Lead the design, implementation, and ongoing improvement of reliable, scalable, performant, and secure production platforms and services.
Work closely with cross-functional teams to build and maintain resilient infrastructure and deployment patterns.
Provide technical leadership and mentorship to engineers across the organisation, promoting strong engineering standards and operational best practice.
Participate in a 24x7 on-call rotation to support critical services and ensure platform availability.
Drive standardisation, automation, and documentation to improve consistency, reduce operational overhead, and support knowledge sharing.
Contribute across the full lifecycle of platform and service delivery, from design and build through to operation and optimisation.
Requirements
5+ years of experience in DevOps, SRE, platform engineering, or software engineering roles.
Strong Kubernetes experience at scale, with deep understanding of containers and container orchestration.
Hands-on experience with infrastructure as code tools such as Terraform, Ansible, or Puppet.
Strong programming skills in at least one object-oriented language, along with effective scripting and automation capability.
Strong understanding of security principles and best practices across infrastructure, platforms, and services.

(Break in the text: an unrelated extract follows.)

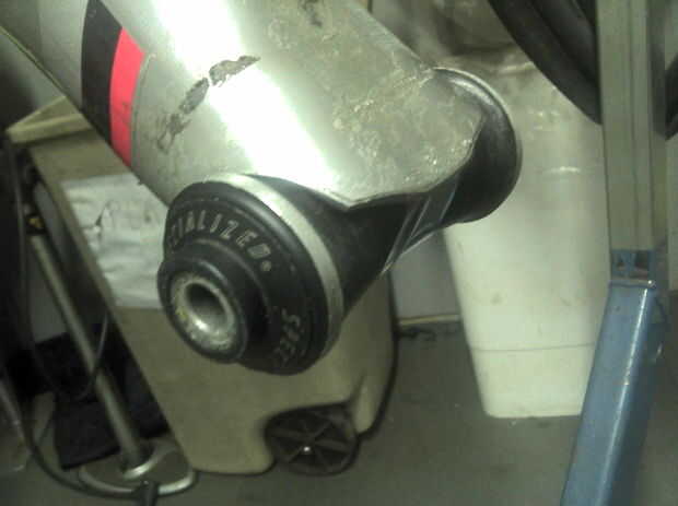 La parte inferior (ahora en la parte superior) también tuvo un lugar plano conveniente que me permitió fácilmente posición/asegure el segundo choque montaje (también rescatado de los chicos MTB).

Significant hands-on experience in at least one major cloud platform, with broad exposure across AWS, GCP, or OCI.
Strong monitoring, alerting, and observability experience using tools such as Prometheus, Grafana, or similar platforms.
Solid understanding of networking fundamentals and distributed systems.
Strong Linux and/or Windows systems administration experience.
Experience with software delivery automation, CI/CD pipelines, and secure SDLC practices, including exposure to static and dynamic security testing.
Good understanding of SRE concepts such as SLIs, SLOs, SLAs, toil reduction, availability, and observability.
Experience managing and scaling Elasticsearch in production is strongly preferred.